Please, without any pictures, transcribe the lines from the one holding "Eye Protection: If" to the end of the listing, both ends included.

▼

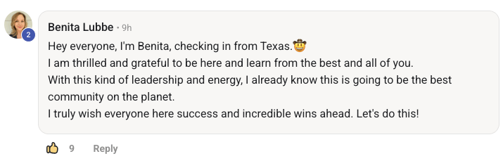 A community of 100 ambitious copywriters to keep you motivated to keep going instead of struggling as a lone-wolf copy-wannabe.
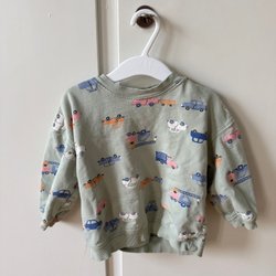 Söt body med långa ärmar och ett lekfullt mönster av moln och regnbågar. Bodyn är i en ljus nyans och har tryck över hela plagget. Två olika storlekar på knäppen i grenen
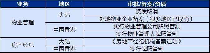 表:大陆和中国香港地区物业和经纪业务的准入门槛对比
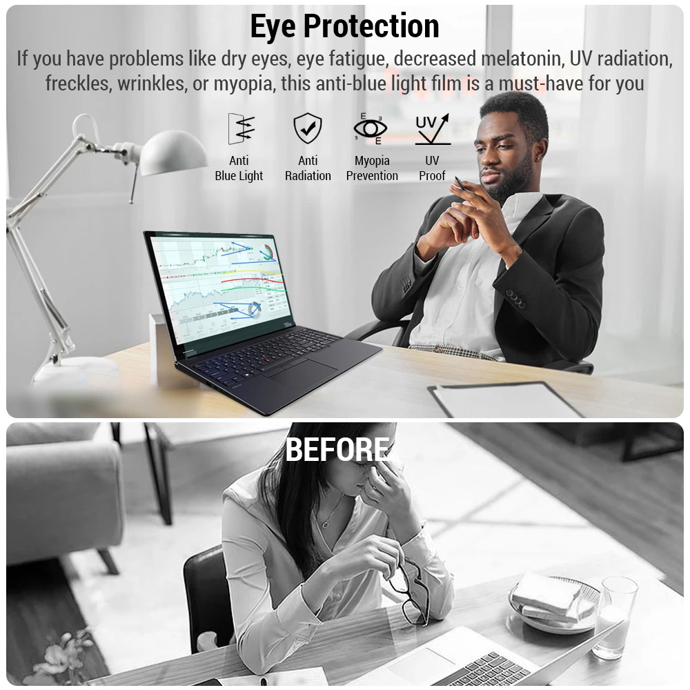 Eye Protection: If you have problems like dry eyes, eye fatigue, decreased melatonin, UV radiation, freckles, wrinkles, or myopia, this anti-blue light film is a must-have for you.
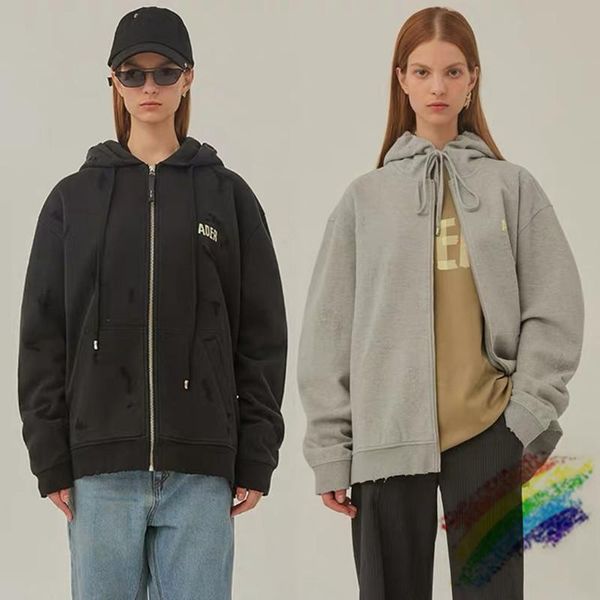 men's hoodies & sweatshirts 480g heavy fabric cardigan adererror hoodie men women 1:1 damage distressed zip ader error pullovers, Black
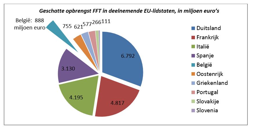 Berekening op basis van impact beoordeling (2013) en inkomstenschatting (2016) door Europese Commissie gebaseerd op initieel FTT-voorstel en transactiedata van 2013 en 2014.
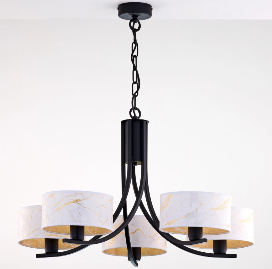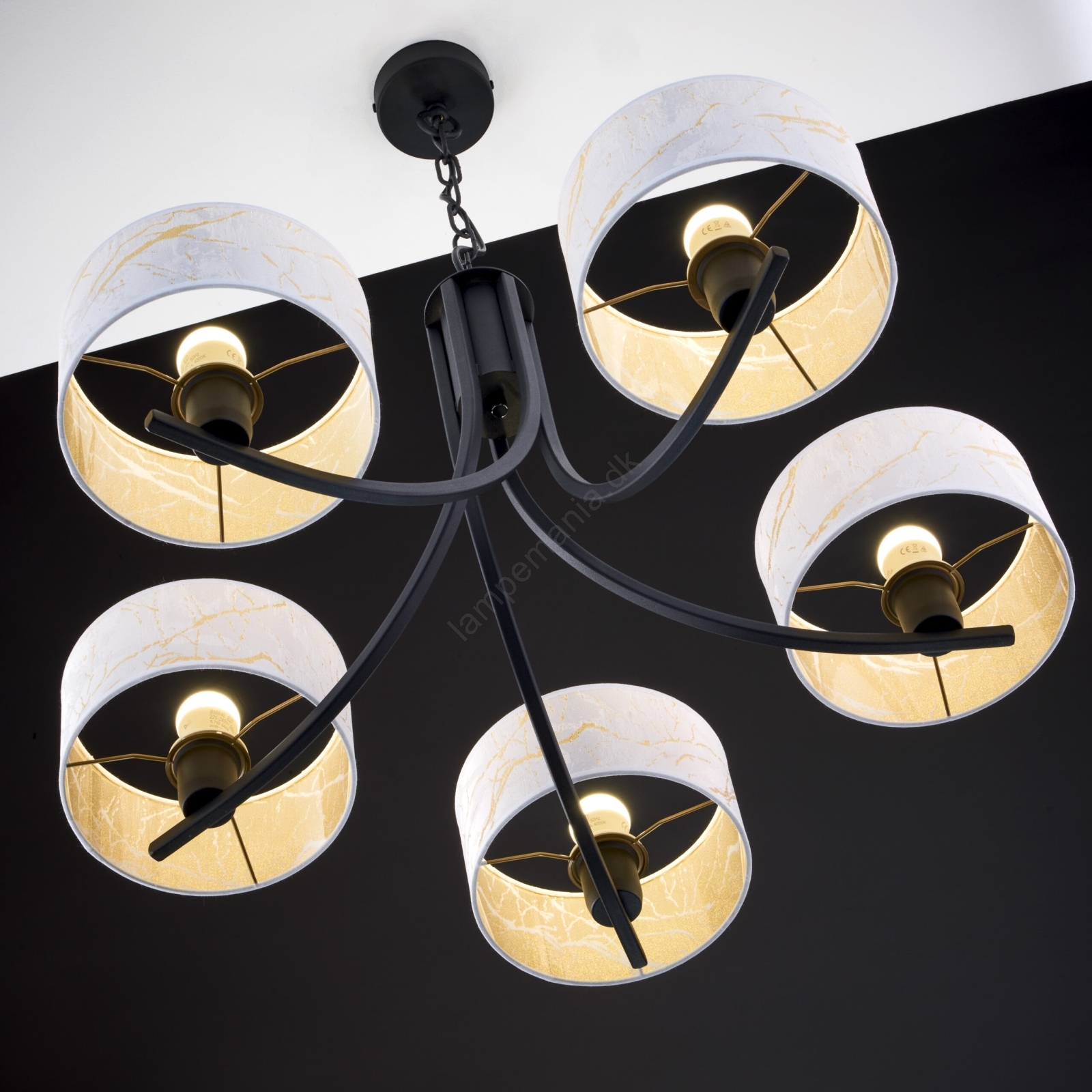 • Jupiter 2104 - Kædeophængt lysekrone ARTHUR 5xE27/15W/230V, hvid/sort med marmordekor

▲

OUTPUT FOR THIS TASK:
 Eye Protection: If you have problems like dry eyes, eye fatigue, decreased melatonin, UV radiation, freckles, wrinkles, or myopia, this anti-blue light film is a must-have for you.
 men's hoodies & sweatshirts 480g heavy fabric cardigan adererror hoodie men women 1:1 damage distressed zip ader error pullovers, Black
 Berekening op basis van impact beoordeling (2013) en inkomstenschatting (2016) door Europese Commissie gebaseerd op initieel FTT-voorstel en transactiedata van 2013 en 2014.
 • Jupiter 2104 - Kædeophængt lysekrone ARTHUR 5xE27/15W/230V, hvid/sort med marmordekor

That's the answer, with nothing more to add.